→ Information supplied:
════

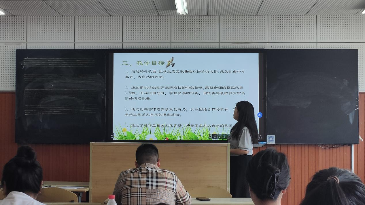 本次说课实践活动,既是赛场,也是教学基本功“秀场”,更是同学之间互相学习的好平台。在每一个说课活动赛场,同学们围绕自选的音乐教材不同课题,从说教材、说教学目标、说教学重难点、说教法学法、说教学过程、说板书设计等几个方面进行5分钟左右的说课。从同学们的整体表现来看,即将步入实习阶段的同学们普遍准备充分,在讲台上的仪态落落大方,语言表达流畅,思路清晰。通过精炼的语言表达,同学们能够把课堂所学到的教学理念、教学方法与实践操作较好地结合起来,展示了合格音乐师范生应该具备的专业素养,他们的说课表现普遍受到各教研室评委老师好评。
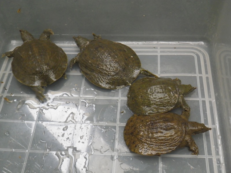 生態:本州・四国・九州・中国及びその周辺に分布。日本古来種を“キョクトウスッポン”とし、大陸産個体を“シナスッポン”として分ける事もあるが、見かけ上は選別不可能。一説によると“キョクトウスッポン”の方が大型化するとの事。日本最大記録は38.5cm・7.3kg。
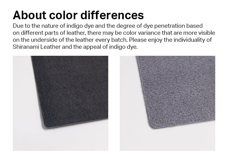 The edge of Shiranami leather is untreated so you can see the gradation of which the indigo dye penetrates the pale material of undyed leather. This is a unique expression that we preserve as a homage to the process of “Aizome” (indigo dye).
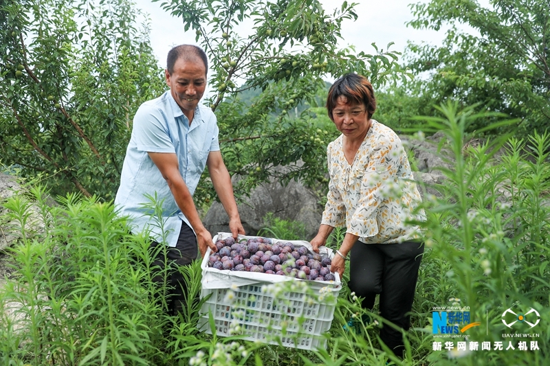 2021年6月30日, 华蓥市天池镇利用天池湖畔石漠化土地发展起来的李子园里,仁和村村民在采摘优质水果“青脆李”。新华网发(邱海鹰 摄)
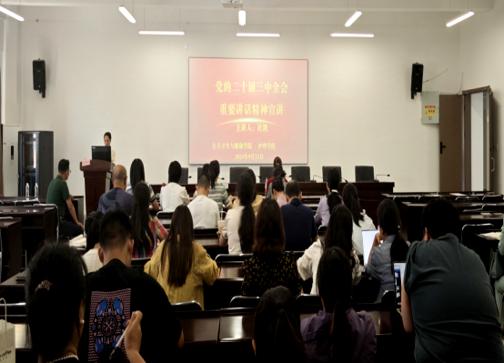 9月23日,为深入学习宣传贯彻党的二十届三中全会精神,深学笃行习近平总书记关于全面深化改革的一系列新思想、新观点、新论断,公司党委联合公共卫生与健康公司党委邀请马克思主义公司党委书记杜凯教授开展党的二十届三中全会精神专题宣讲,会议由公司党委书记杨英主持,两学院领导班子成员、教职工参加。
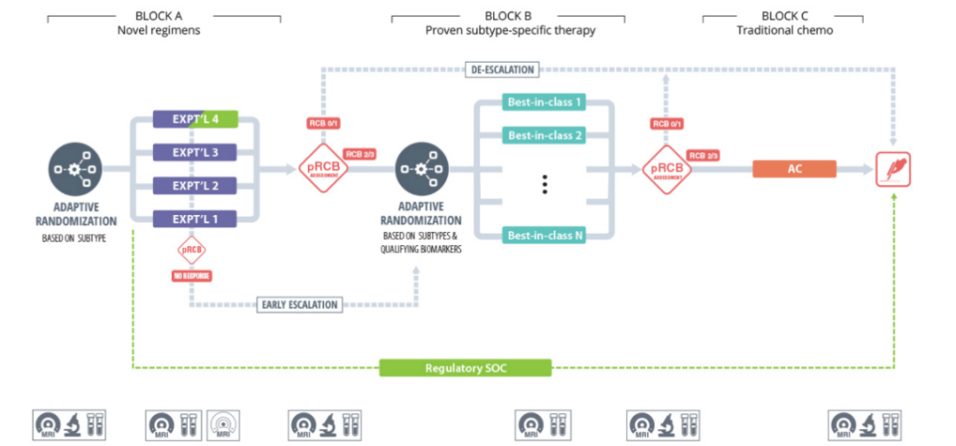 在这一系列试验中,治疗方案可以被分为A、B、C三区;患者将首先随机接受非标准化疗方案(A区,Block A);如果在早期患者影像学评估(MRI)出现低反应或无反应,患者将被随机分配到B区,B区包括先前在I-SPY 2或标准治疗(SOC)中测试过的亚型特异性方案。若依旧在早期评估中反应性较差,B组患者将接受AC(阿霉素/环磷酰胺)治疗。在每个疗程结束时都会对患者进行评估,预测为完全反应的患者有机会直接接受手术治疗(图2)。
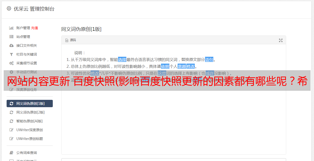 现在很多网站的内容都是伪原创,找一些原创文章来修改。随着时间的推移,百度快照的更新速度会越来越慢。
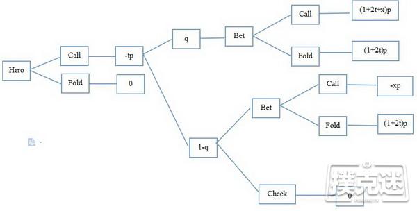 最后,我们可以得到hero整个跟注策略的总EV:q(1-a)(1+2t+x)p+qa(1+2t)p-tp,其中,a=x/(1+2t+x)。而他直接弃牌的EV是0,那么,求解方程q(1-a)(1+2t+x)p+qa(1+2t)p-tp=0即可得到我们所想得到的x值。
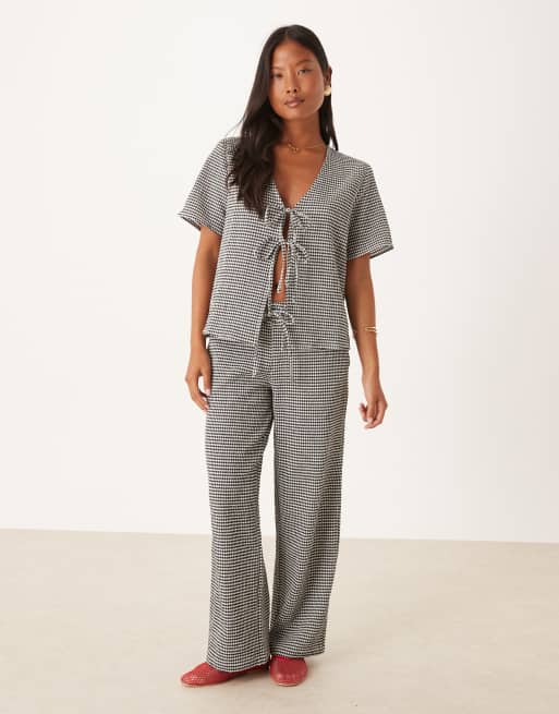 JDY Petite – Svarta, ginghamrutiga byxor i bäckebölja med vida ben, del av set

════

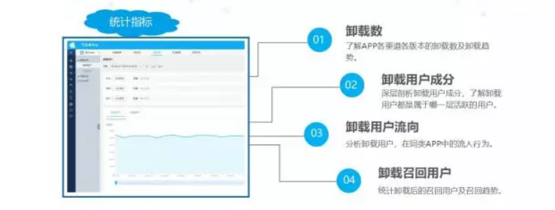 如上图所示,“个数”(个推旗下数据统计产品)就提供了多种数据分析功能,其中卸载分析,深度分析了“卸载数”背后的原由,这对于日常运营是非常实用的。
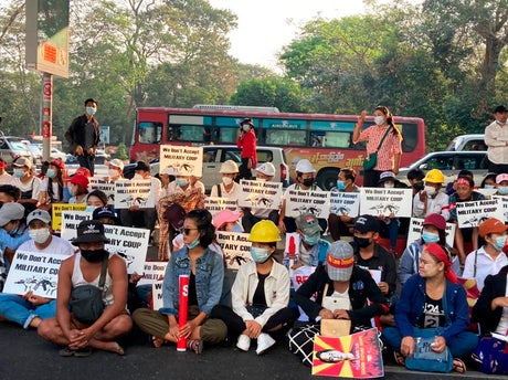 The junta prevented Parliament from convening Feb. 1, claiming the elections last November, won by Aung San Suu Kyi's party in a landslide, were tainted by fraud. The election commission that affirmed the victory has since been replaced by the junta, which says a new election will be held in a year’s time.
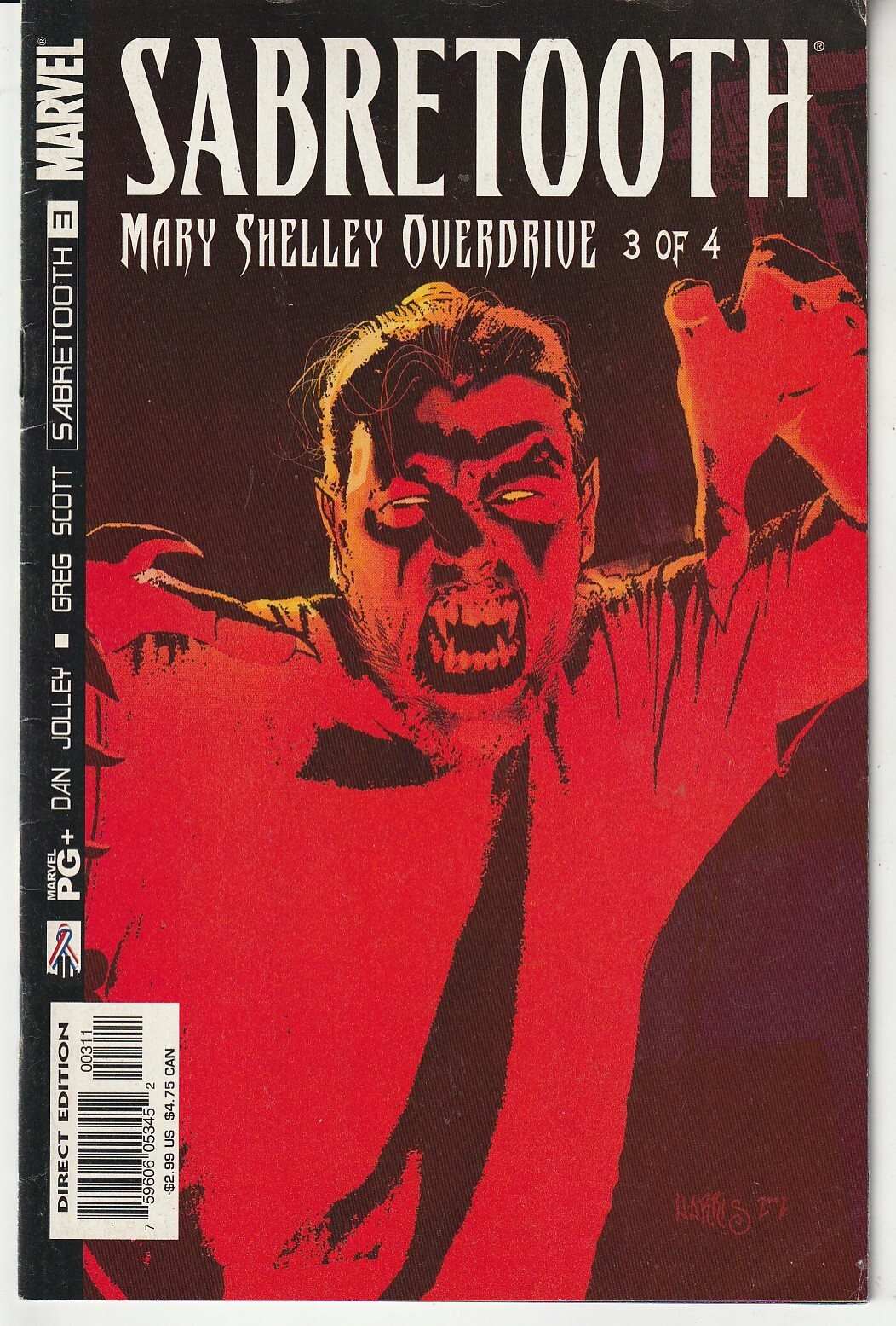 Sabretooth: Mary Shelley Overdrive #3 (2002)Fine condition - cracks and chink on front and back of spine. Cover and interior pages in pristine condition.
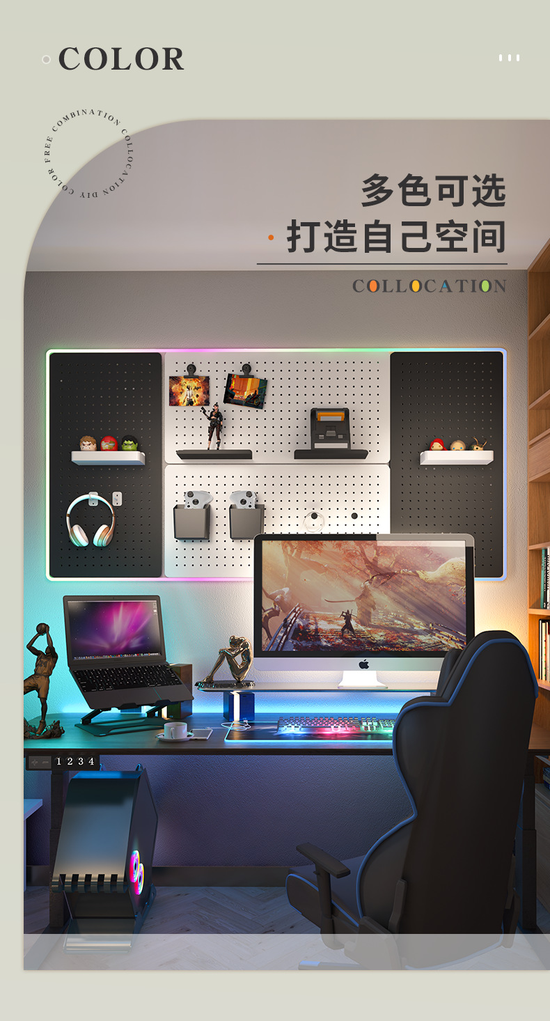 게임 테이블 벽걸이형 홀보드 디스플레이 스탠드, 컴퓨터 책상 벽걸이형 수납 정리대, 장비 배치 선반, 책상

════

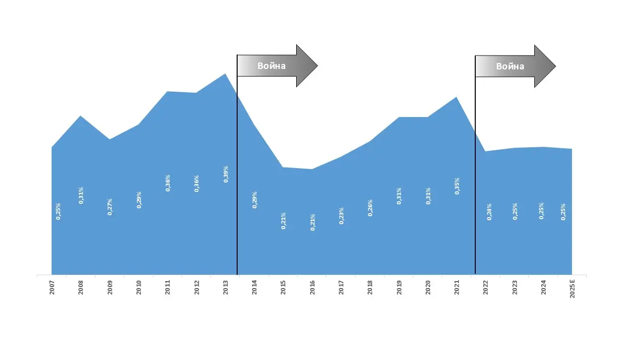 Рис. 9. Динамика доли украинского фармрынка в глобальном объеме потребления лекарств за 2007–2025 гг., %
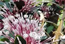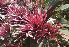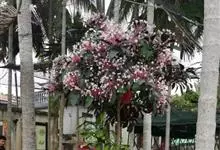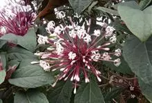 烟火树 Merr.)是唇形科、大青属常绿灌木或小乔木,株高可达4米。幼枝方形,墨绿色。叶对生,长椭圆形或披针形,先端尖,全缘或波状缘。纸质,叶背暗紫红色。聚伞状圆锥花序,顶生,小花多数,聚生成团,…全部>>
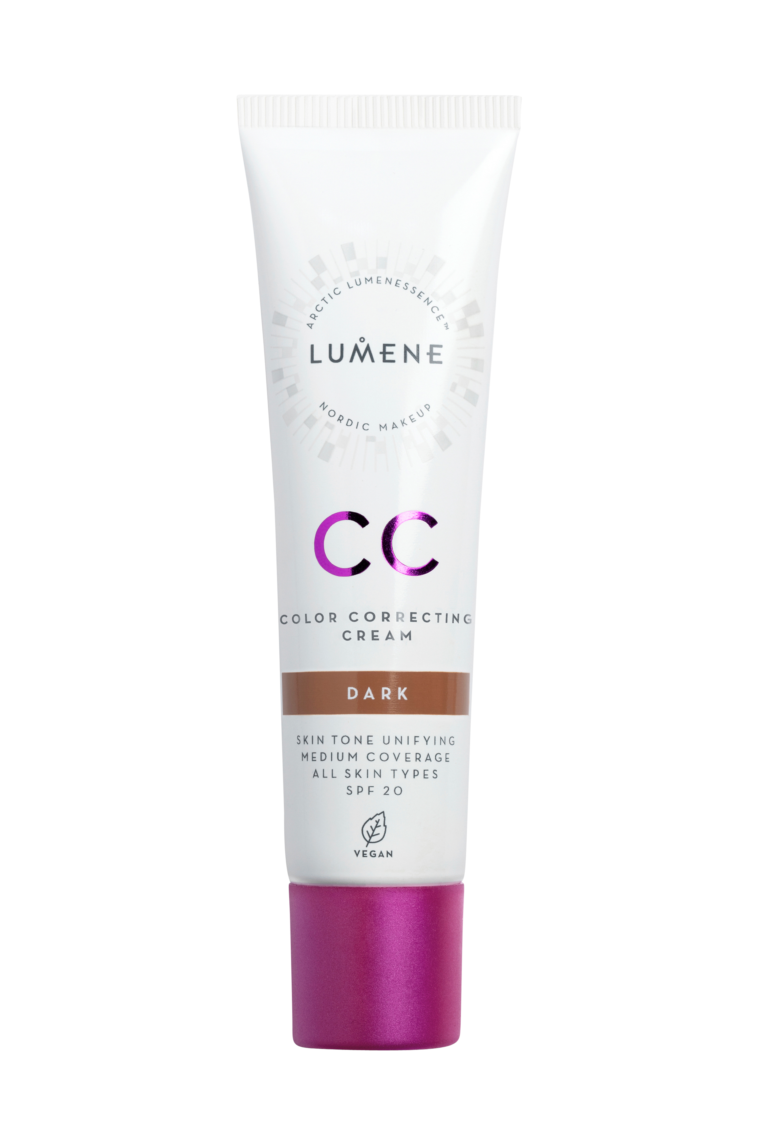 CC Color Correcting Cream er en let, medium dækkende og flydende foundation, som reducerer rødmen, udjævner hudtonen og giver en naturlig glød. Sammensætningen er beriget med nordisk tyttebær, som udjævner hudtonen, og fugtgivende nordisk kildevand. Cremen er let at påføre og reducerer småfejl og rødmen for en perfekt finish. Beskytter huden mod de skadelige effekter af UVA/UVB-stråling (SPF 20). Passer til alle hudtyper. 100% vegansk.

════

→ Exercise description:
In the records above, find the line with "The edge of" and the line with "最后,我们可以得到hero整". Write out exactly those lines and every one between, with no pictures and no other lines.

→ Exercise output:
 The edge of Shiranami leather is untreated so you can see the gradation of which the indigo dye penetrates the pale material of undyed leather. This is a unique expression that we preserve as a homage to the process of “Aizome” (indigo dye).
 2021年6月30日, 华蓥市天池镇利用天池湖畔石漠化土地发展起来的李子园里,仁和村村民在采摘优质水果“青脆李”。新华网发(邱海鹰 摄)
 9月23日,为深入学习宣传贯彻党的二十届三中全会精神,深学笃行习近平总书记关于全面深化改革的一系列新思想、新观点、新论断,公司党委联合公共卫生与健康公司党委邀请马克思主义公司党委书记杜凯教授开展党的二十届三中全会精神专题宣讲,会议由公司党委书记杨英主持,两学院领导班子成员、教职工参加。
 在这一系列试验中,治疗方案可以被分为A、B、C三区;患者将首先随机接受非标准化疗方案(A区,Block A);如果在早期患者影像学评估(MRI)出现低反应或无反应,患者将被随机分配到B区,B区包括先前在I-SPY 2或标准治疗(SOC)中测试过的亚型特异性方案。若依旧在早期评估中反应性较差,B组患者将接受AC(阿霉素/环磷酰胺)治疗。在每个疗程结束时都会对患者进行评估,预测为完全反应的患者有机会直接接受手术治疗(图2)。
 现在很多网站的内容都是伪原创,找一些原创文章来修改。随着时间的推移,百度快照的更新速度会越来越慢。
 最后,我们可以得到hero整个跟注策略的总EV:q(1-a)(1+2t+x)p+qa(1+2t)p-tp,其中,a=x/(1+2t+x)。而他直接弃牌的EV是0,那么,求解方程q(1-a)(1+2t+x)p+qa(1+2t)p-tp=0即可得到我们所想得到的x值。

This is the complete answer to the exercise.